[Your task]: All the data below goes into the copy word for word, but the pictures don't.

[Data]:
——————
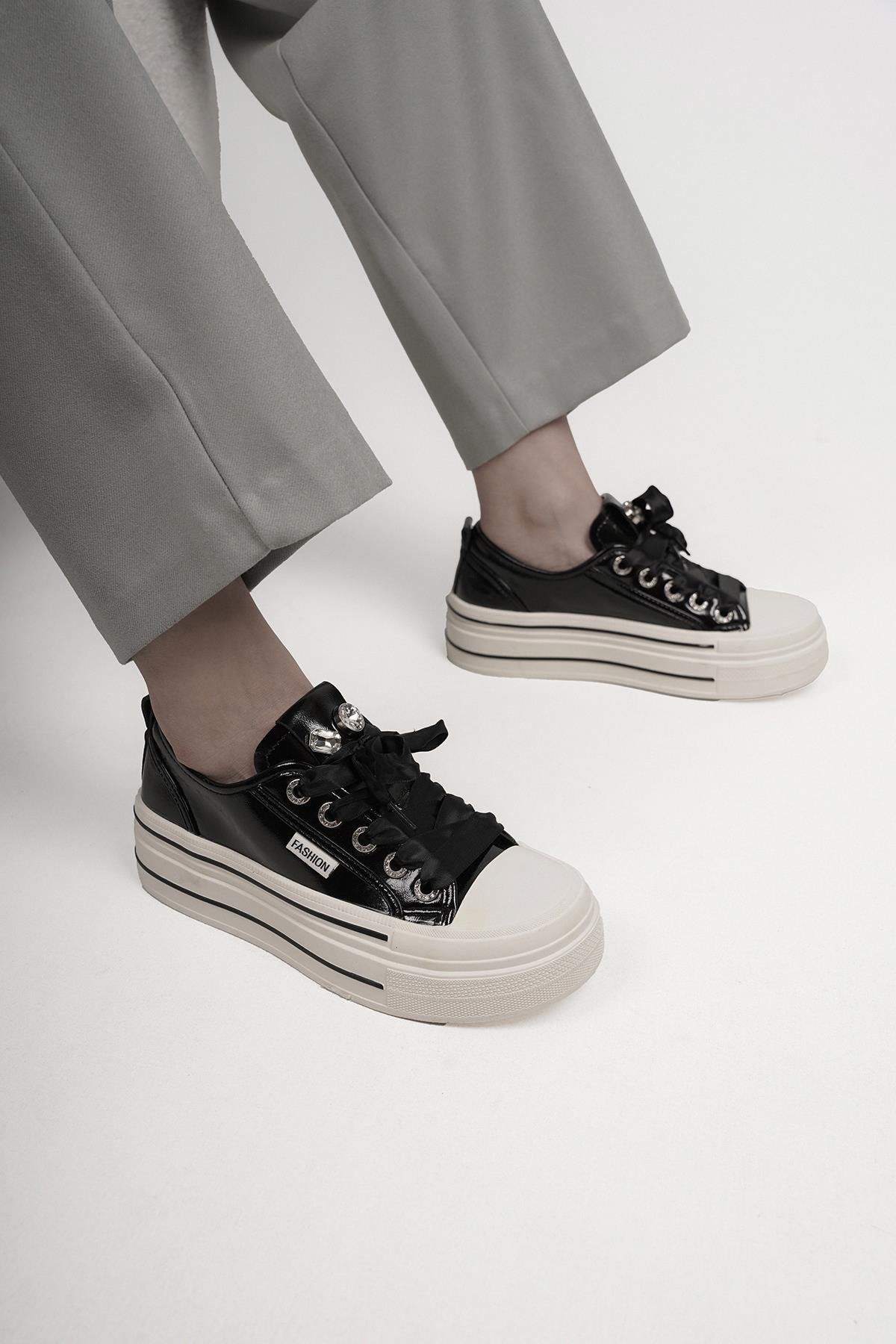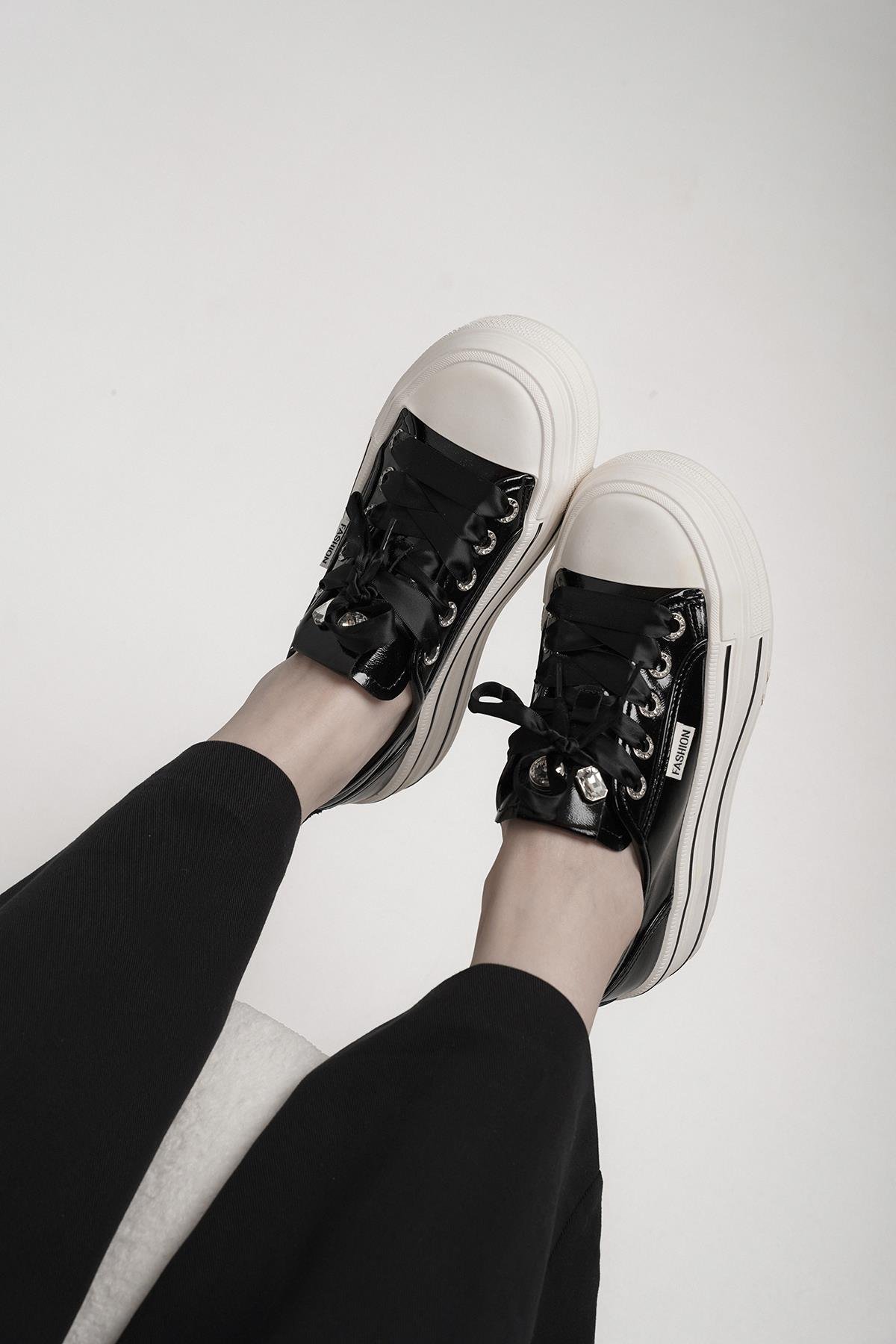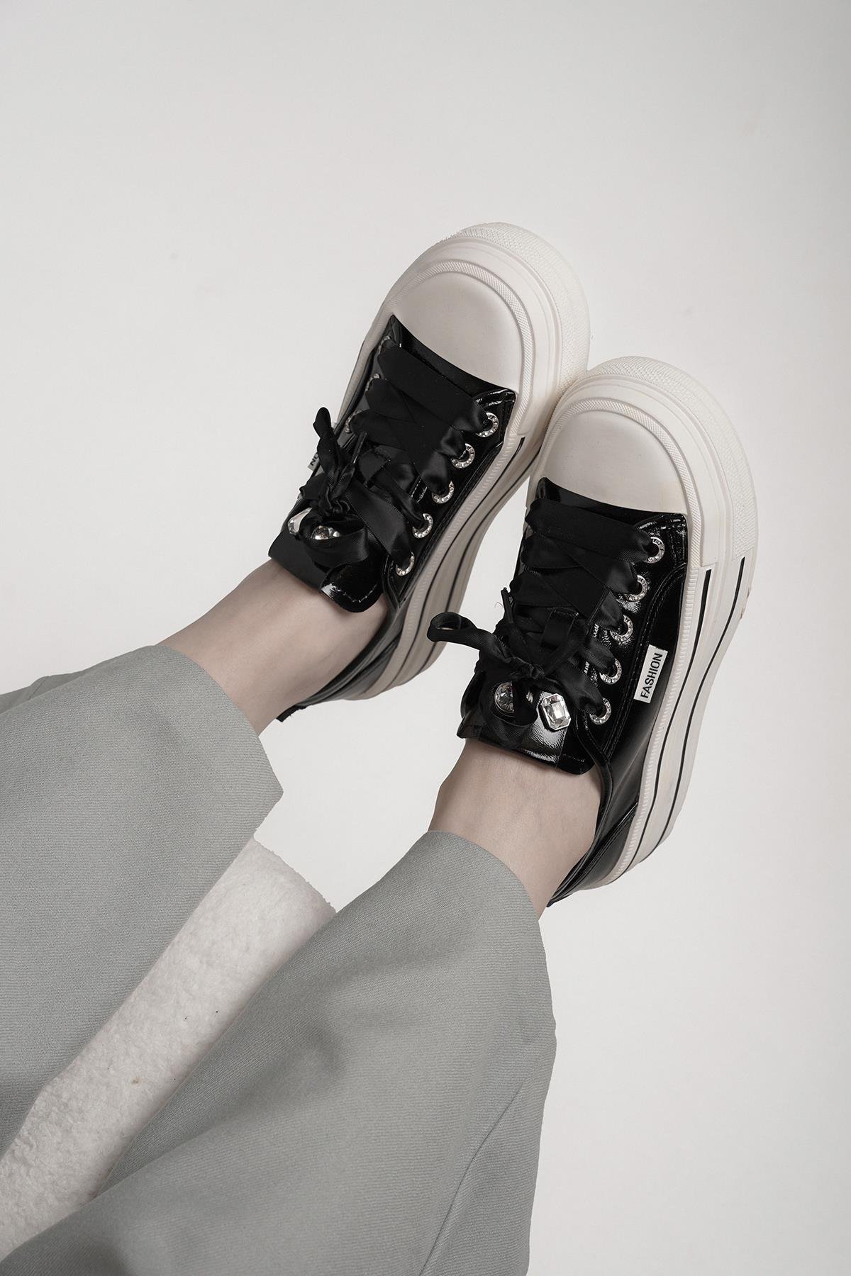 NİTA ORİJİNAL KRİSTE BELL İTHAL ÖZEL SERİ TAŞ DETAYLI KADIN SPOR AYAKKABI SİYAH
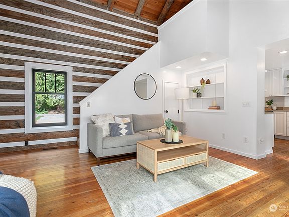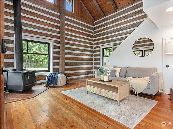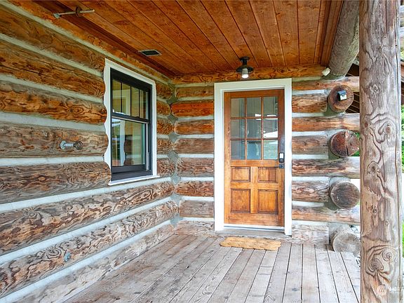 Stunning, one-of-a-kind, shy 7-acre property with a large covered deck that overlooks a private pond & a panorama mountain view. The beautiful log cabin features two bedrooms plus a loft, gorgeous vaulted ceilings, a 2nd deck off the primary bedroom, an updated kitchen and spacious bath, new light fixtures, a new range in '23, & tons of sun pouring in the new Anderson windows. The property features fruit trees, blueberries, currants, a serene willow tree grove, a mature treeline of evergreens for privacy on three sides, & an intimate trail from the southwest end of the circular driveway that leads you through the trees to a workshop, shed, & carport that are on a separate power meter. Only 10 minutes to Lynden & 15-20 minutes to Bellingham.
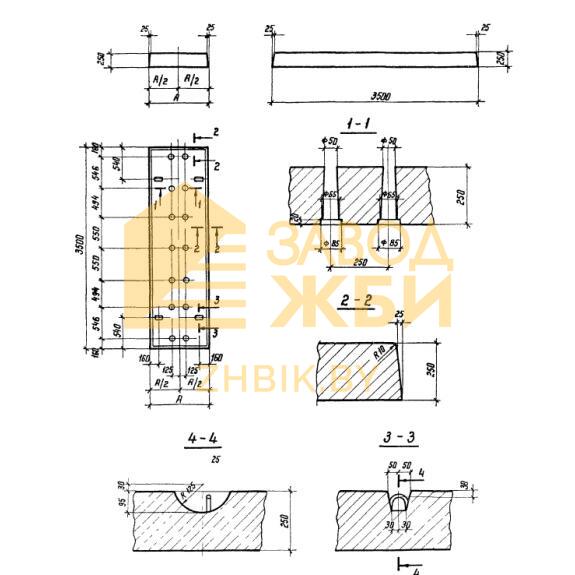 Плиты ПФ 35-15 (3.407.1-148) унифицированные железобетонные изделия, имеющие прямоугольную форму. Торцевые грани по всему периметру конструкции имеют небольшой скос, придающий элементу в поперечном сечении вид трапеции. В центральной части конструкции вдоль всей длины располагаются отверстия, предназначенные для пропуска анкерных креплений для фиксации будущей подстанции.
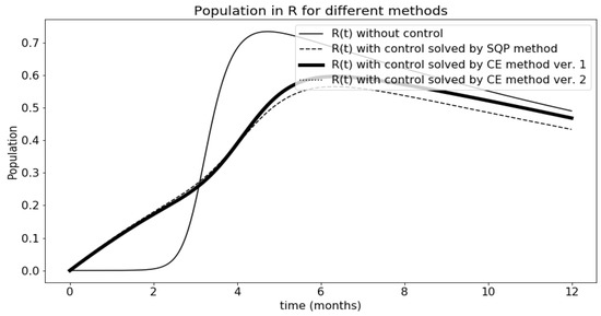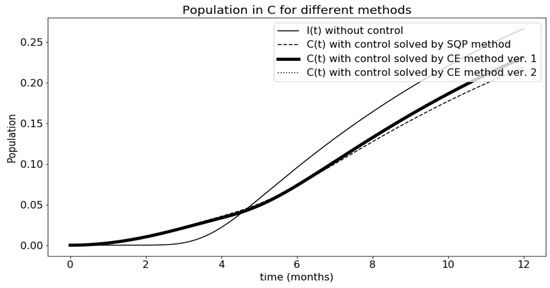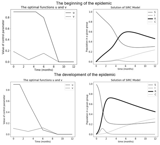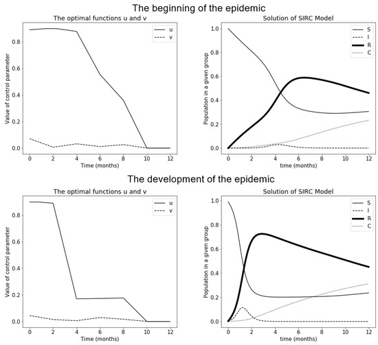 In Section 3.3 and Section 3.4 two ways of calculating optimal functions and for the SIRC model will be considered. In the first version, the functions will be calculated separately. In the following, both and will be counted at the same time. All versions will be presented at two moments of the epidemic: when it began and when it has already spread. The results will be compared with those obtained in the article by Iacoviello et al. [31], where the problem was solved using the sequential quadratic programming method using a tool from Matlab. Unfortunately, the article does not specify the cost index value for solving the obtained sequential quadratic programming method. Therefore, in the paper, there were attempts to recreate the form of the function and and the cost index obtained for them ( for the first situation and for the second one) and the model solution.
——————
[Solution below]:
 NİTA ORİJİNAL KRİSTE BELL İTHAL ÖZEL SERİ TAŞ DETAYLI KADIN SPOR AYAKKABI SİYAH
 Stunning, one-of-a-kind, shy 7-acre property with a large covered deck that overlooks a private pond & a panorama mountain view. The beautiful log cabin features two bedrooms plus a loft, gorgeous vaulted ceilings, a 2nd deck off the primary bedroom, an updated kitchen and spacious bath, new light fixtures, a new range in '23, & tons of sun pouring in the new Anderson windows. The property features fruit trees, blueberries, currants, a serene willow tree grove, a mature treeline of evergreens for privacy on three sides, & an intimate trail from the southwest end of the circular driveway that leads you through the trees to a workshop, shed, & carport that are on a separate power meter. Only 10 minutes to Lynden & 15-20 minutes to Bellingham.
 Плиты ПФ 35-15 (3.407.1-148) унифицированные железобетонные изделия, имеющие прямоугольную форму. Торцевые грани по всему периметру конструкции имеют небольшой скос, придающий элементу в поперечном сечении вид трапеции. В центральной части конструкции вдоль всей длины располагаются отверстия, предназначенные для пропуска анкерных креплений для фиксации будущей подстанции.
 In Section 3.3 and Section 3.4 two ways of calculating optimal functions and for the SIRC model will be considered. In the first version, the functions will be calculated separately. In the following, both and will be counted at the same time. All versions will be presented at two moments of the epidemic: when it began and when it has already spread. The results will be compared with those obtained in the article by Iacoviello et al. [31], where the problem was solved using the sequential quadratic programming method using a tool from Matlab. Unfortunately, the article does not specify the cost index value for solving the obtained sequential quadratic programming method. Therefore, in the paper, there were attempts to recreate the form of the function and and the cost index obtained for them ( for the first situation and for the second one) and the model solution.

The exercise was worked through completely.